M_i(w_i)=f (W^(l)M_l(w_i-1)+W^(sl)e(w_i-1))

Wherein: f is sigmod activation primitive；W^(l)To be converted into next layer of hidden layer for semantic above in hidden layer Matrix；W^(sl)For the matrix for connecting current word with semanteme above；w_i-1For the previous word of current word；e(w_i-1) it is current The term vector of word word above.

(3.1.2) is by M_r(w_i) it is defined as the semantic hereinafter of current word wi, obtain the semantic expressiveness M hereinafter of word_r(w_i), Wherein M_r(w_i) it is defined as follows:

M_r(w_i)=f (W^(r)M_r(w_i+1)+W^(sr)e(w_i+1))

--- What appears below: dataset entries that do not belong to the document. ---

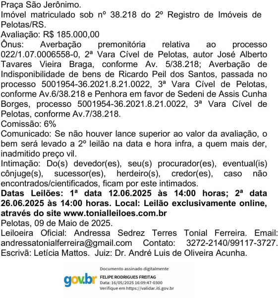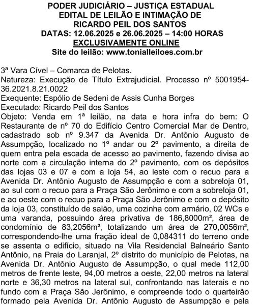 Edital de Leilão e Intimação de Ricardo Peil dos Santos
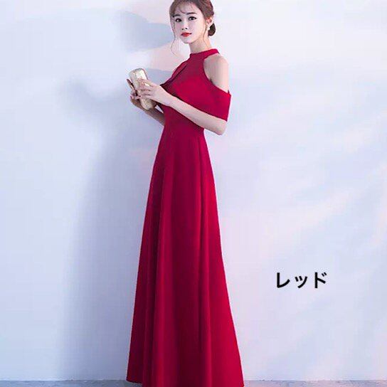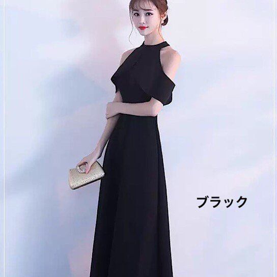 演奏会ドレス 発表会ドレス オープンショルダー ホルターネック 発表会 演奏会 レディース 結婚式 ステージ衣装 ロング丈 エレガント ウエディングドレス カラードレス 滑らか シンプル
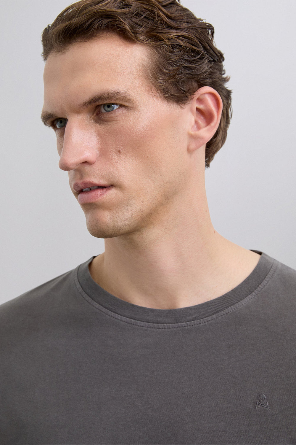 T-shirt made of 100% BCI cotton. Regular fit, round neck and short sleeves. Matching embroidered skull detail.

(3.2) the semantic expressiveness X of each word is obtained_i, according to the left side semantic expressiveness M of current word in step (3.1)_l (w_i), the right side semantic expressiveness M of current word_r(w_i) and current word term vector e (w_i), three carries out linear superposition summation Mode obtains X_i, as shown in Fig. 2, its Fig. 2 is the illustraton of model that the present embodiment uses the semanteme represntation of word based on loop structure, Middle X_iSpecifically be expressed as follows:

X_i=[M_i(w_i)；e(w_i)；M_r(w_i)]

(3.3) according to the semanteme represntation of word X in step (3.2)_i, a bidirectional circulating neural network is passed it through, then It can get its implicit expression U_i, implying indicates not only related with the semantic expressiveness of current word, also with state before and later State it is all related, as shown in figure 3, its Fig. 3 be the present embodiment construct the illustraton of model based on bidirectional circulating attention neural network, Wherein detailed process is as follows:

(3.3.1) obtains the implicit expression of forward direction of current word by positive transmissionSpecific formula for calculation is as follows:

Wherein: f is tanh activation primitive；The implicit expression of state before current word；X_iFor current word semantic expressiveness.

(3.3.2) obtains the reverse implicit expression of current word by inversely transmittingSpecific formula for calculation is as follows:

Wherein: f is tanh activation primitive；For the implicit expression of state after current word；X_iFor current word semanteme table Show.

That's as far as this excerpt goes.